*Task instructions*
Please set down exactly the lines from the one that contains "FINGERINSPIRE 4PCS Tattoo" through the end of the material, leaving out every picture.
Dataset records below:
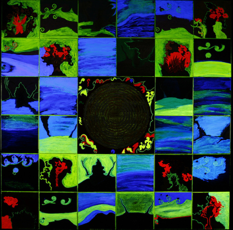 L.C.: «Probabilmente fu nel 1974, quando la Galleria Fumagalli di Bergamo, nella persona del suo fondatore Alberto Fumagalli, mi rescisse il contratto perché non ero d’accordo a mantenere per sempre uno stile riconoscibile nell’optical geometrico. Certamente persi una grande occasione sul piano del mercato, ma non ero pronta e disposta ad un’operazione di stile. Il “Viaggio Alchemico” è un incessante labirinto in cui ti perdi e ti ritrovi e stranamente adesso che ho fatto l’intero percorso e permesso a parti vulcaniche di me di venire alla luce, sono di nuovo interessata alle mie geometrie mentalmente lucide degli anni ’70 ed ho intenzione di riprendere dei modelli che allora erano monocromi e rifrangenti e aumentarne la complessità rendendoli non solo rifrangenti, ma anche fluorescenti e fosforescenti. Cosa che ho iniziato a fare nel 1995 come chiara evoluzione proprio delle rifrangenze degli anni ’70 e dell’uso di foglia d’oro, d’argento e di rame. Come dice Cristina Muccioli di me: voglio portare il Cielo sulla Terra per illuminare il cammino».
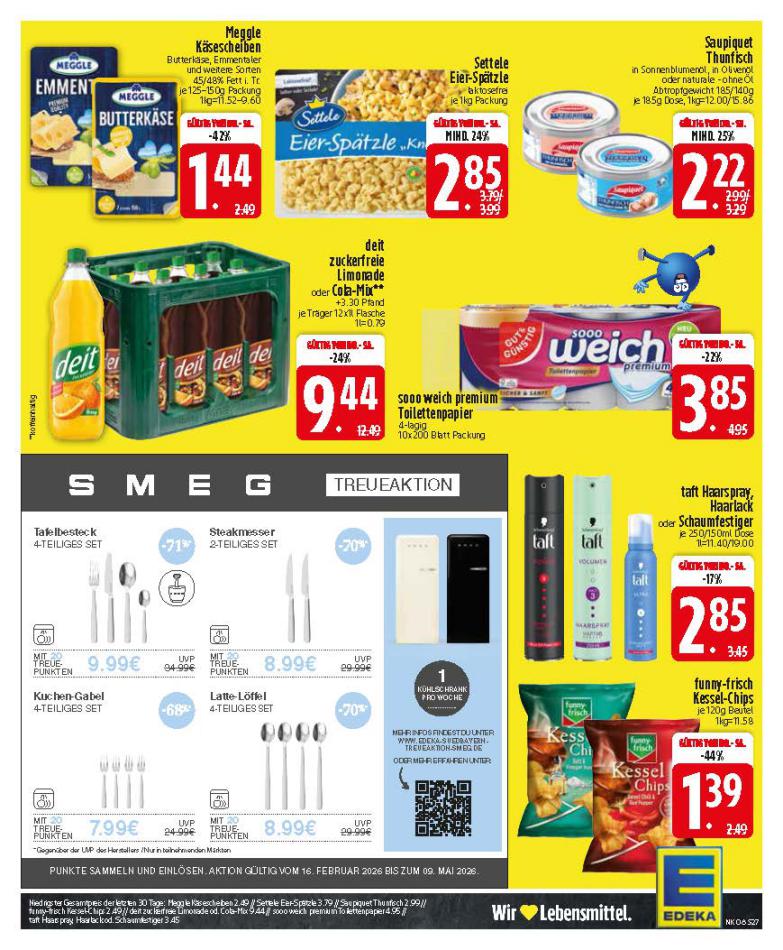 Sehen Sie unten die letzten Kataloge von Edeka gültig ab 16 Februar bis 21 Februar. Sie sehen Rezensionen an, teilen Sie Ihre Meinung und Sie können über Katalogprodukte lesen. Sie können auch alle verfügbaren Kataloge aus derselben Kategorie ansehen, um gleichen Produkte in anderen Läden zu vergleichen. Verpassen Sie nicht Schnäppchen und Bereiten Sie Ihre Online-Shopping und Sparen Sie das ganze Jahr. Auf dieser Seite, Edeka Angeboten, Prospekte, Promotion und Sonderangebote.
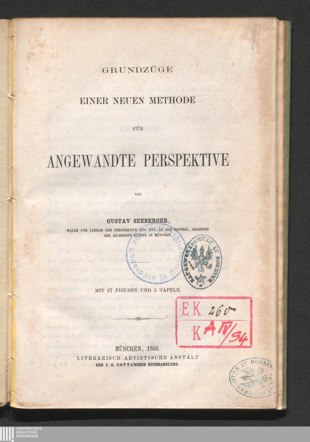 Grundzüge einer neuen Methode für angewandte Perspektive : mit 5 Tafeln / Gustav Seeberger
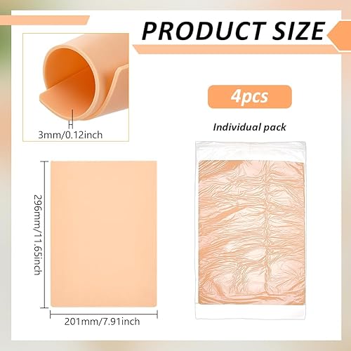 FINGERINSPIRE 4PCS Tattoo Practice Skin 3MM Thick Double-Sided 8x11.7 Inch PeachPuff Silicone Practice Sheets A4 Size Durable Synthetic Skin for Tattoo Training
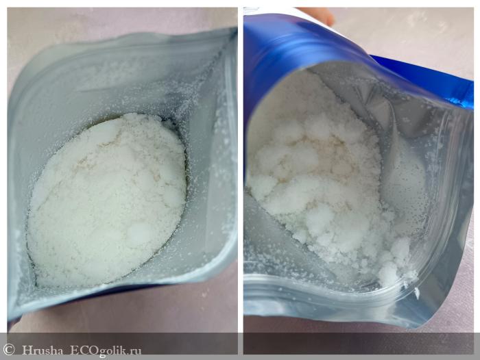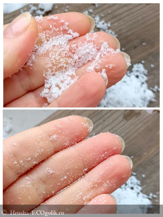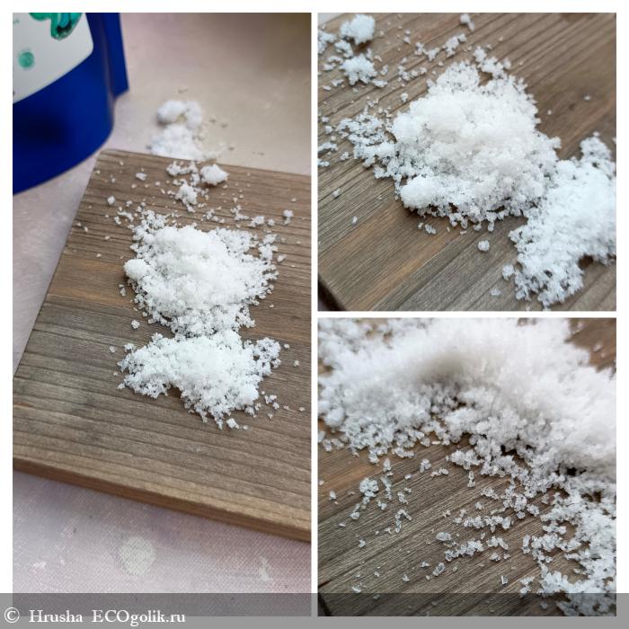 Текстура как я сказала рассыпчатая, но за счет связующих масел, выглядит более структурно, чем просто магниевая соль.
End of Dataset records.
*Task result*
 FINGERINSPIRE 4PCS Tattoo Practice Skin 3MM Thick Double-Sided 8x11.7 Inch PeachPuff Silicone Practice Sheets A4 Size Durable Synthetic Skin for Tattoo Training
 Текстура как я сказала рассыпчатая, но за счет связующих масел, выглядит более структурно, чем просто магниевая соль.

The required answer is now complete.